In the entries below, find the line with "テーブルのサイドに設置(スラ" and the line with "2010年,26家行業(yè". Print those two and everything between them exactly, and nothing else.
---- Working data
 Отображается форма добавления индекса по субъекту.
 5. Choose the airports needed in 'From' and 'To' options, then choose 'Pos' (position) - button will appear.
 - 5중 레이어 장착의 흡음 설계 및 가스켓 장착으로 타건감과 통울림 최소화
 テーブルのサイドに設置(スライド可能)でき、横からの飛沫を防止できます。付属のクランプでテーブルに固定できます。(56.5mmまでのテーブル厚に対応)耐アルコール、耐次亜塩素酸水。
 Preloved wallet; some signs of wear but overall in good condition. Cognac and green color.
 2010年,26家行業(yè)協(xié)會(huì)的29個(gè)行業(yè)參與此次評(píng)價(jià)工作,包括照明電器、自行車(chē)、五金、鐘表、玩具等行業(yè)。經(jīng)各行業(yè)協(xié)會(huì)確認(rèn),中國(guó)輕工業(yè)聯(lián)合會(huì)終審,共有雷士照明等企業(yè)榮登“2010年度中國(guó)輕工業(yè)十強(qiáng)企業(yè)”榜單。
--------
---- Working data
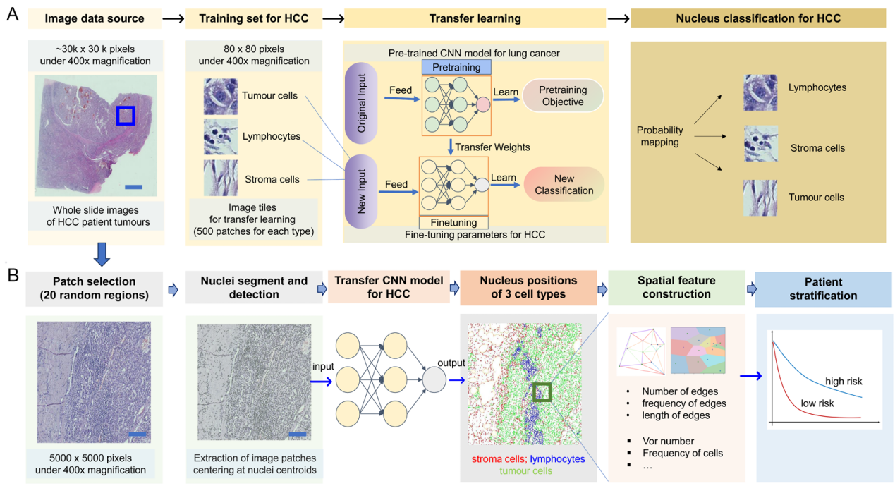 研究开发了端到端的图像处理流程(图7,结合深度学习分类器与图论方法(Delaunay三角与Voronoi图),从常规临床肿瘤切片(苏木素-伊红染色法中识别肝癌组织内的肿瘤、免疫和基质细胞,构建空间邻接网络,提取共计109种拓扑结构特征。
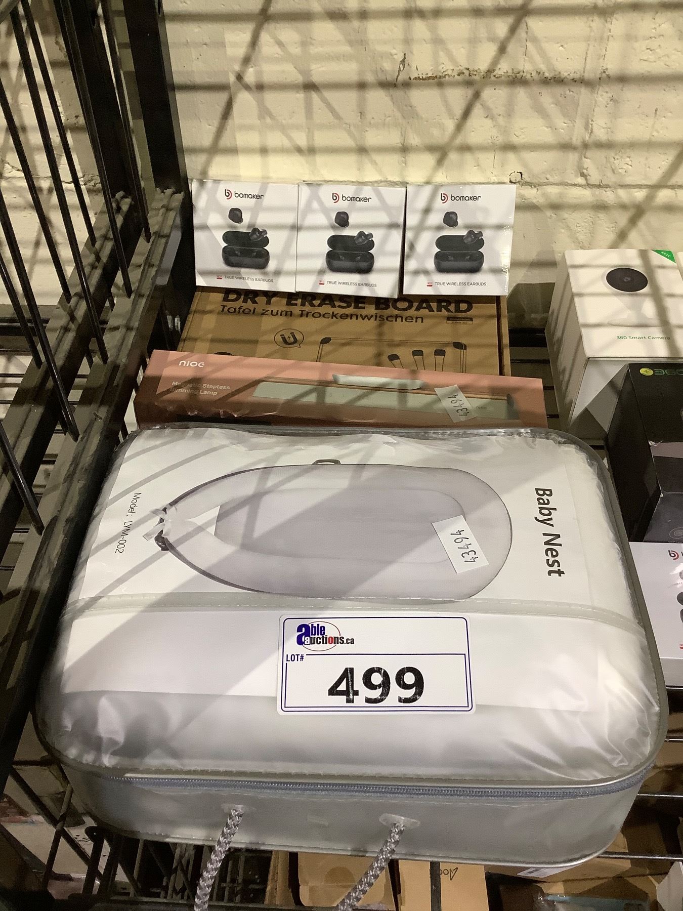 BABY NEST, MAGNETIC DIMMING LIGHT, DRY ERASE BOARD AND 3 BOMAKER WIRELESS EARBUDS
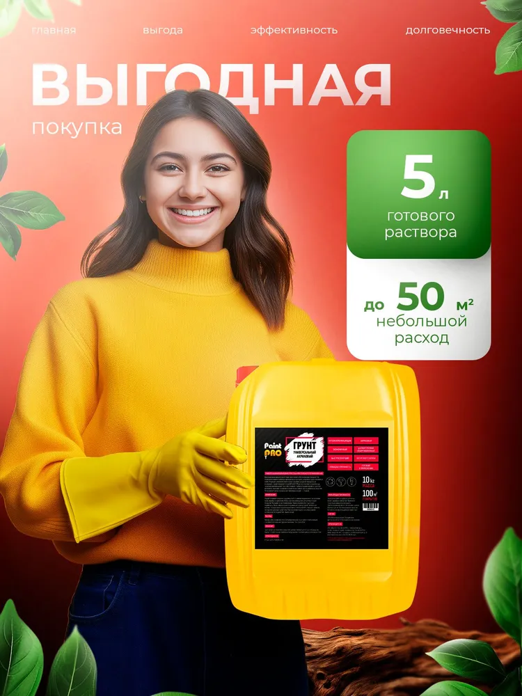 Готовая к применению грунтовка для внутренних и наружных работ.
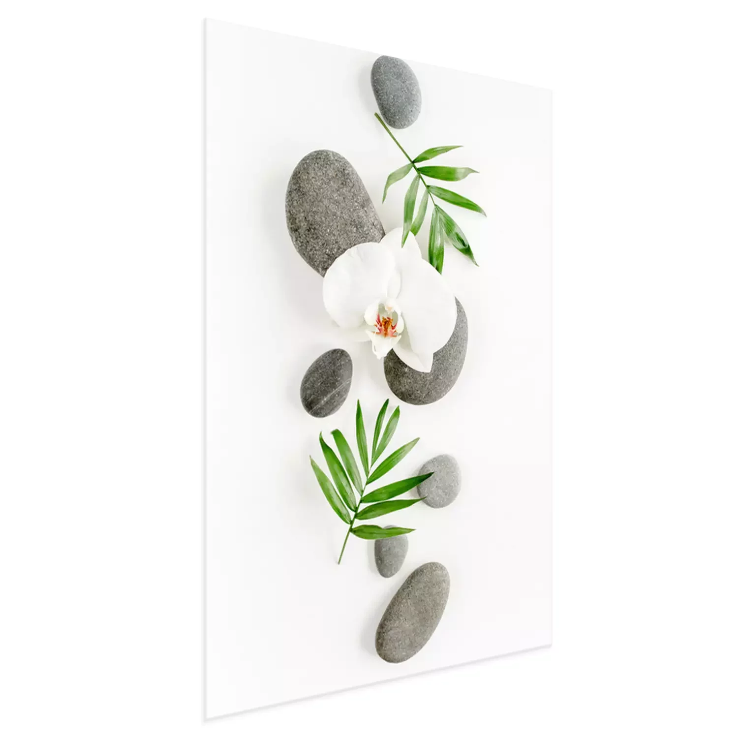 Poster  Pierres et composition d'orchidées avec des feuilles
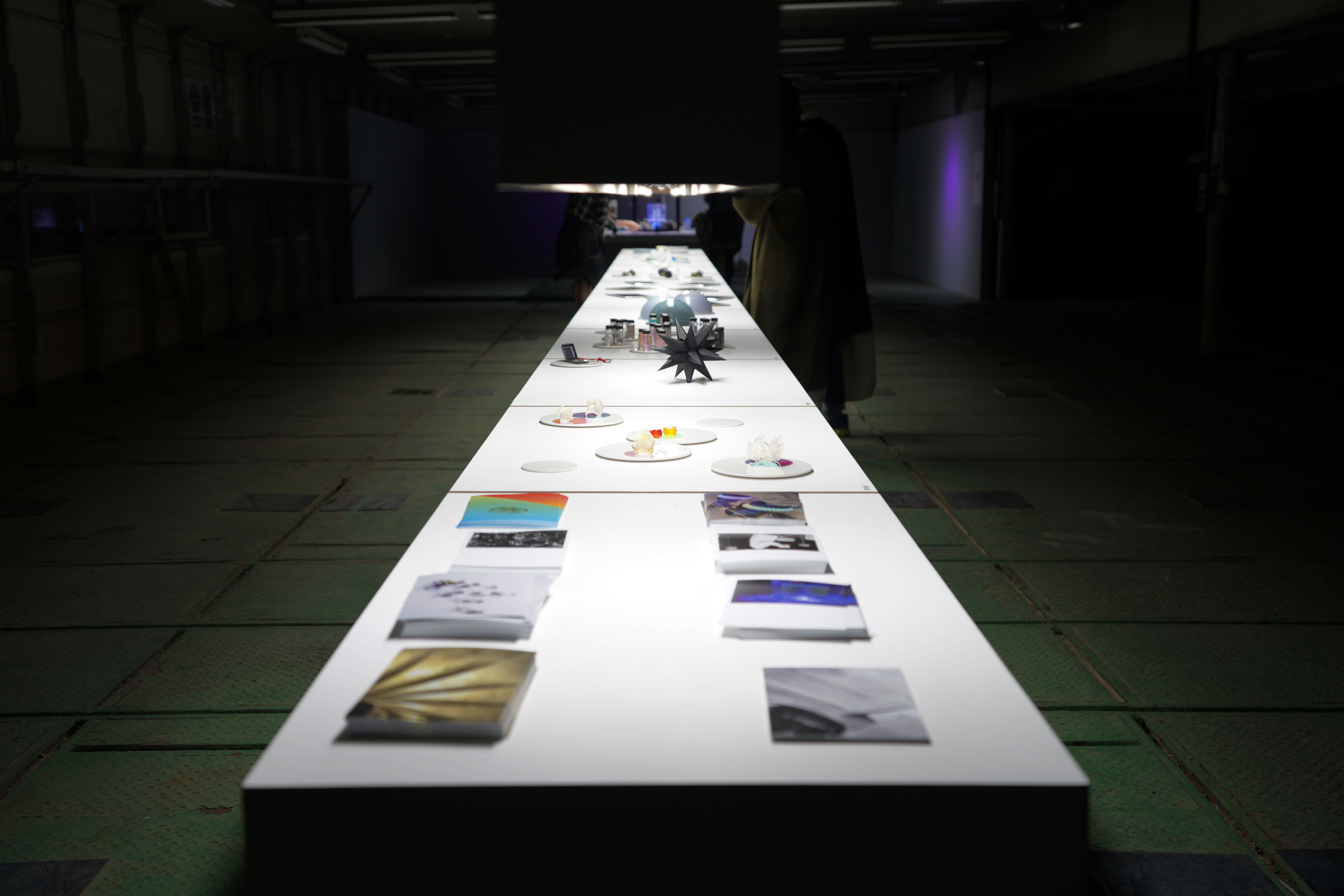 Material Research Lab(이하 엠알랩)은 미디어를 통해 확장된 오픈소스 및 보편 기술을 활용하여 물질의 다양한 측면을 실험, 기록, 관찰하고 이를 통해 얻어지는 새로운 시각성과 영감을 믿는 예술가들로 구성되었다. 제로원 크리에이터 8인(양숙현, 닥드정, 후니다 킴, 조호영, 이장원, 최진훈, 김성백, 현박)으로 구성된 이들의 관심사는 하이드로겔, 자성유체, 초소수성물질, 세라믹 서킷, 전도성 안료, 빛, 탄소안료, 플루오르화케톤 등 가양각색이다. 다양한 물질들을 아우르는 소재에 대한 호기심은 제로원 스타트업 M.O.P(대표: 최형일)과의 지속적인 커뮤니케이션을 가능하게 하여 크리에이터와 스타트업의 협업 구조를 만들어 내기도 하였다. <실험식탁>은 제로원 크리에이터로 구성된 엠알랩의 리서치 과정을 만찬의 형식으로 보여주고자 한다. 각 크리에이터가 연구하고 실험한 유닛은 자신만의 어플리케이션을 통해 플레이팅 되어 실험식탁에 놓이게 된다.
--------
---- Working data
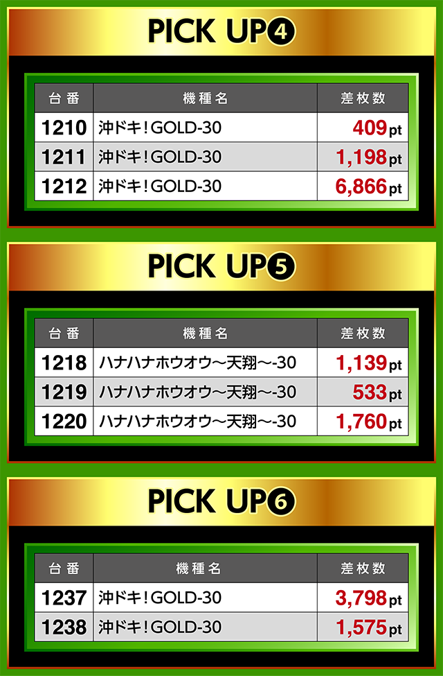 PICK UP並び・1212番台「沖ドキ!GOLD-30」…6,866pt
--------
## Answer section
 テーブルのサイドに設置(スライド可能)でき、横からの飛沫を防止できます。付属のクランプでテーブルに固定できます。(56.5mmまでのテーブル厚に対応)耐アルコール、耐次亜塩素酸水。
 Preloved wallet; some signs of wear but overall in good condition. Cognac and green color.
 2010年,26家行業(yè)協(xié)會(huì)的29個(gè)行業(yè)參與此次評(píng)價(jià)工作,包括照明電器、自行車(chē)、五金、鐘表、玩具等行業(yè)。經(jīng)各行業(yè)協(xié)會(huì)確認(rèn),中國(guó)輕工業(yè)聯(lián)合會(huì)終審,共有雷士照明等企業(yè)榮登“2010年度中國(guó)輕工業(yè)十強(qiáng)企業(yè)”榜單。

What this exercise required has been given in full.